All lines from the one containing "Fekete-fehér-ezüst ukrán mintájú nyaklánc" through the end of the material below are to be printed exactly, both ends included, minus pictures.

■ **Input records**
--------------------------------

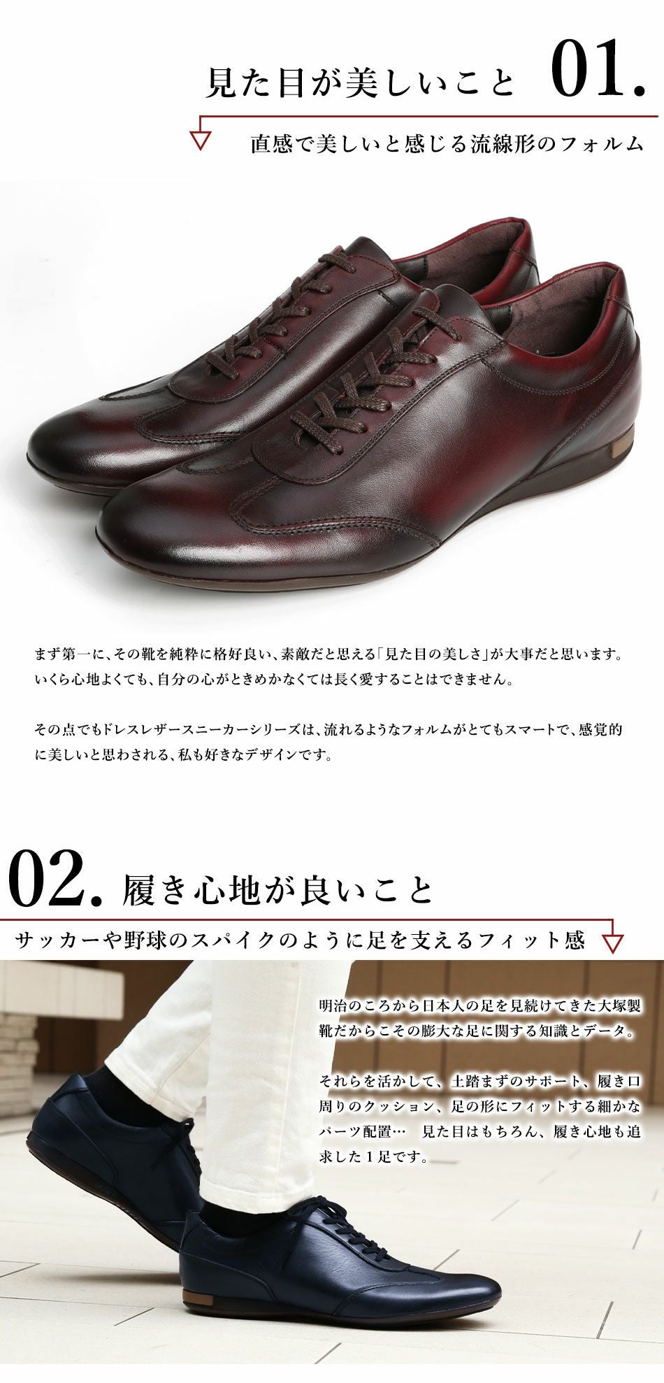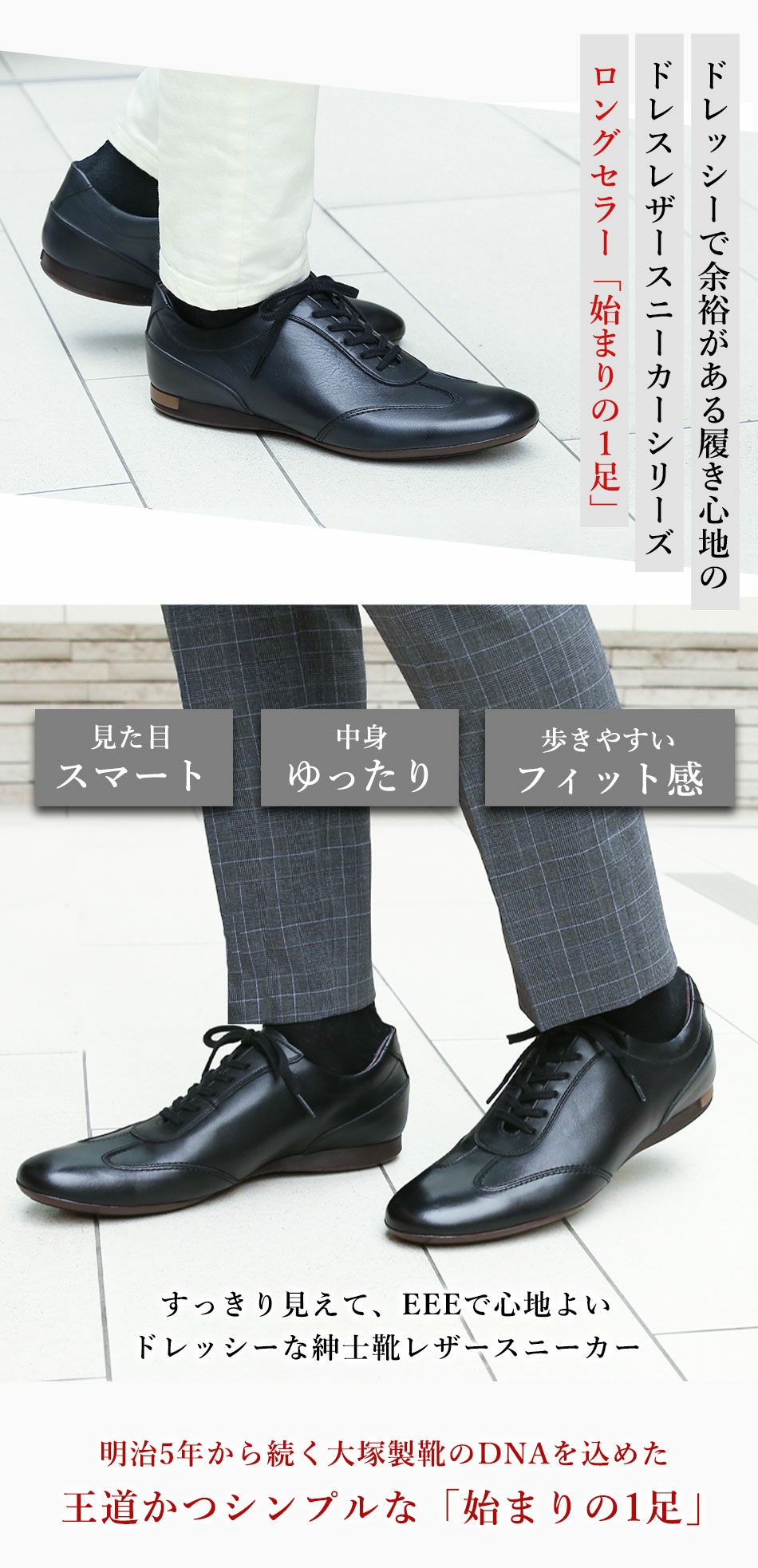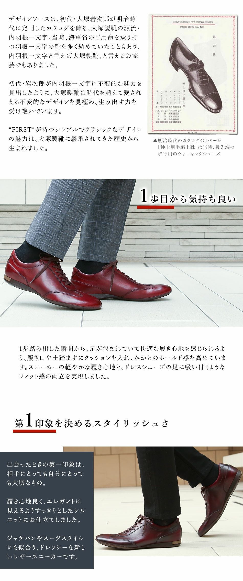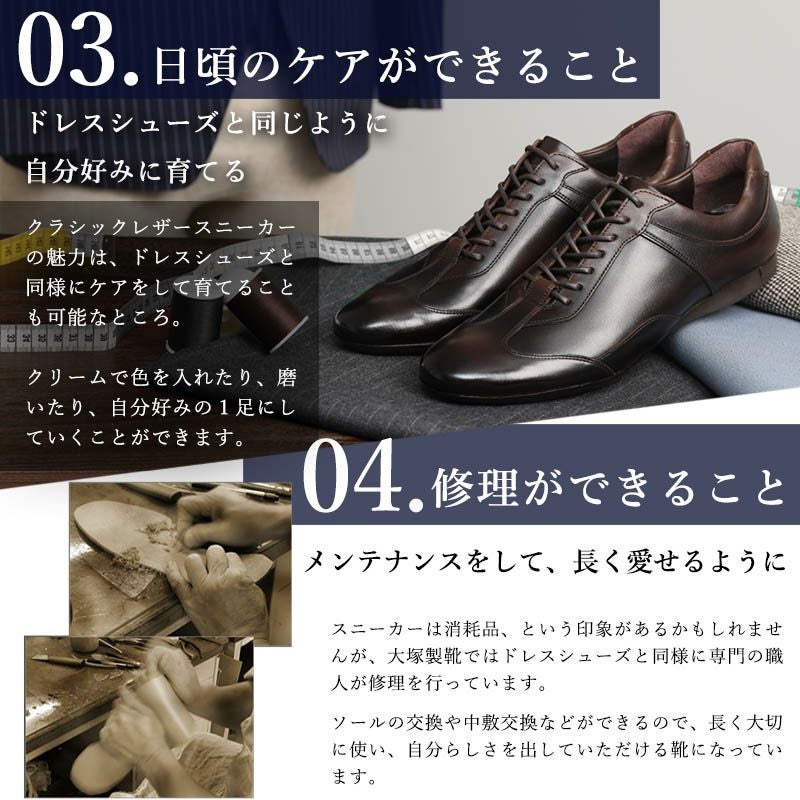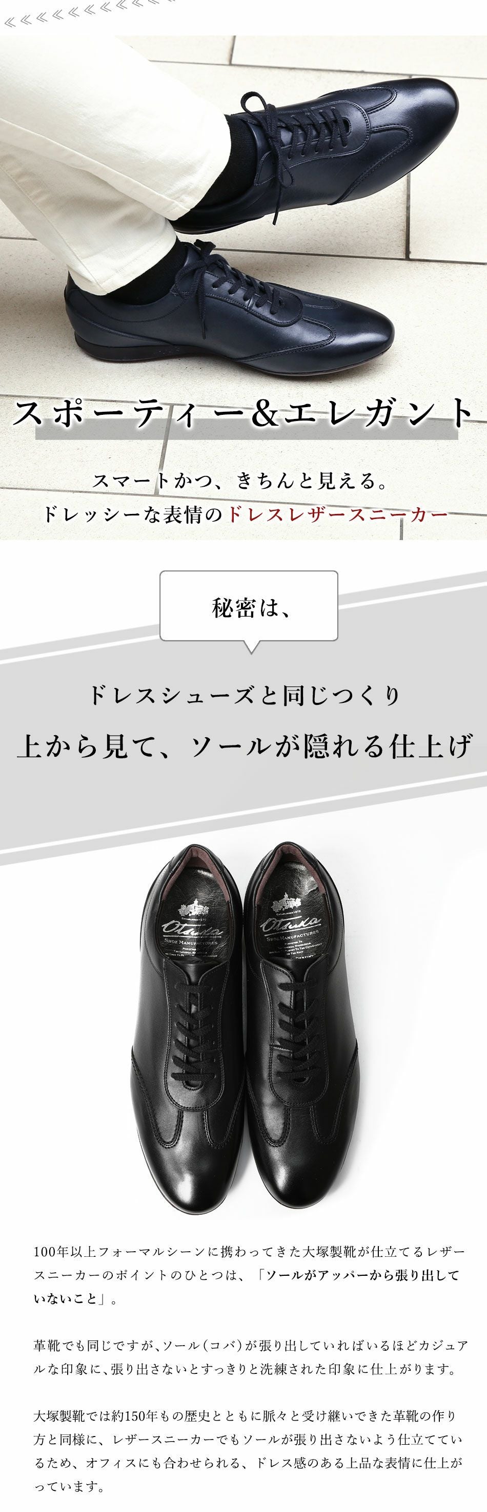 他の画像を見る 大塚製靴(OTSUKA/オーツカ) 日本最古のシューメーカーが作る、革靴のように使えてスーツに似合うドレスレザースニーカー HS-6009 ジェントル 税込価格 ¥ 43,890 税込 カートに入れる お気に入りに登録する
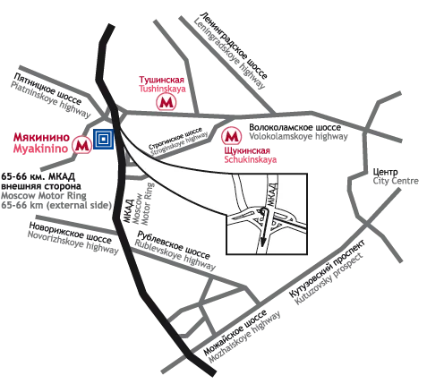 Проезд до станции метро «Мякинино». Выход к выставочным павильонам.
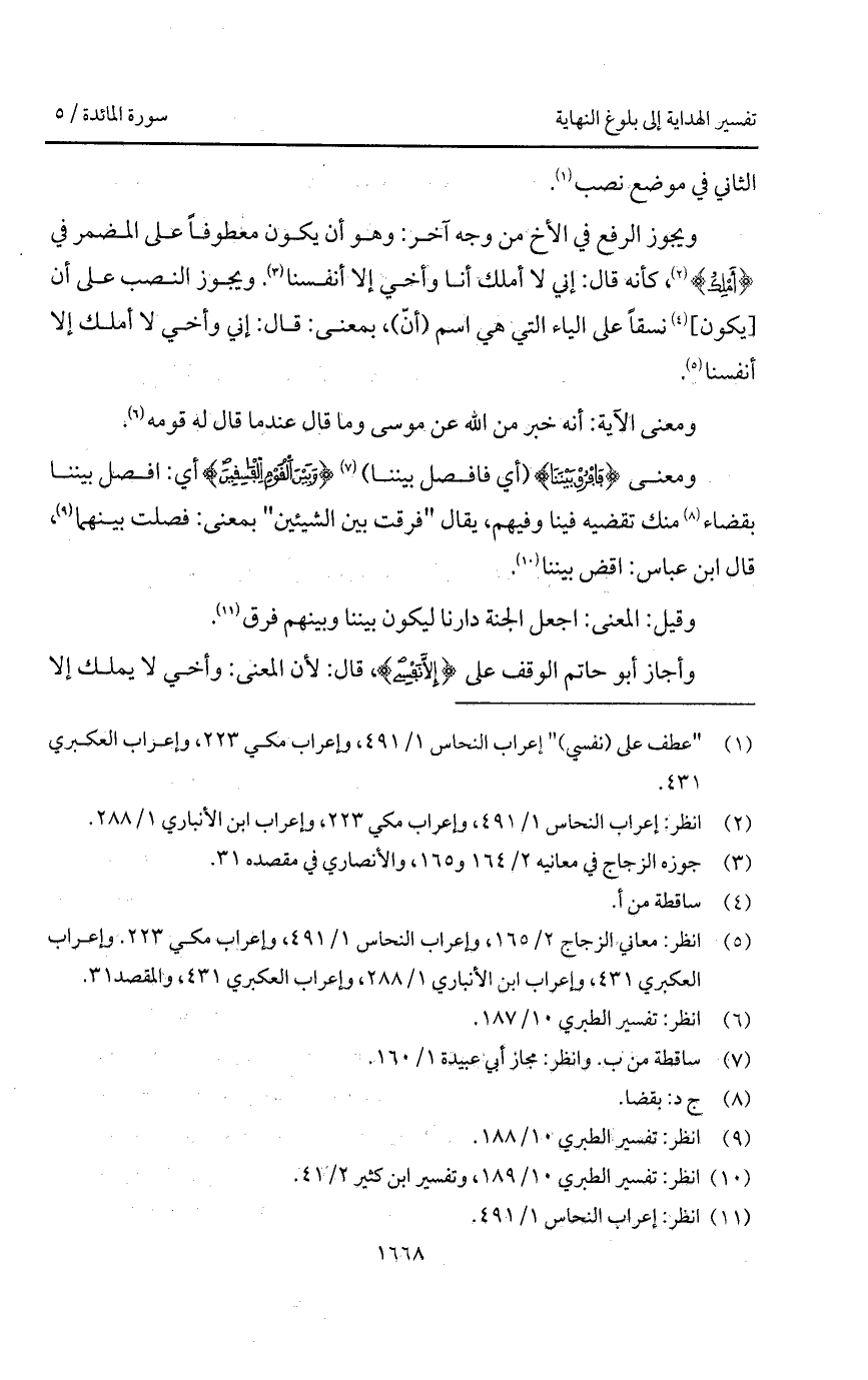 ويجوز الرفع في الأخ من وجه آخر: وهو أن يكون معطوفاً على المضمر في {أَمْلِكُ}، كأنه قال: إني لا أملك أنا وأخي إلا أنفسنا. ويجوز النصب على أن [يكون] نسقاً على الياء التي هي اسم (أنّ)، بمعنى قال: إني وأخي لا أملك إلا أنفسنا.
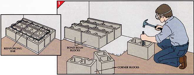 • Bend one end of several reinforcing bars 90 degrees and push the bars down through the cores of the outside blocks as far as possible. • Lay horizontal reinforcing bars in the channels around the edges of the top course of blocks (Step 1). • Fill the cores of all the blocks with mortar, then cover the cores with a course of concrete brick. Homemade Strong-rooms
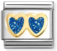 Nomination Classic Gold Glitter Enamel Blue Double Heart Charm
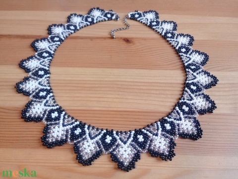 Fekete-fehér-ezüst ukrán mintájú nyaklánc
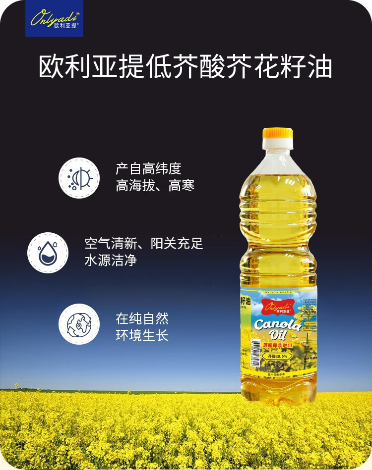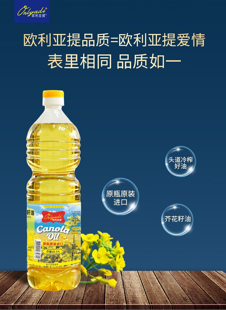 商品名称:欧利亚提低芥酸芥花籽油2.8升

--------------------------------

■ **Output of the task**
 Fekete-fehér-ezüst ukrán mintájú nyaklánc
 商品名称:欧利亚提低芥酸芥花籽油2.8升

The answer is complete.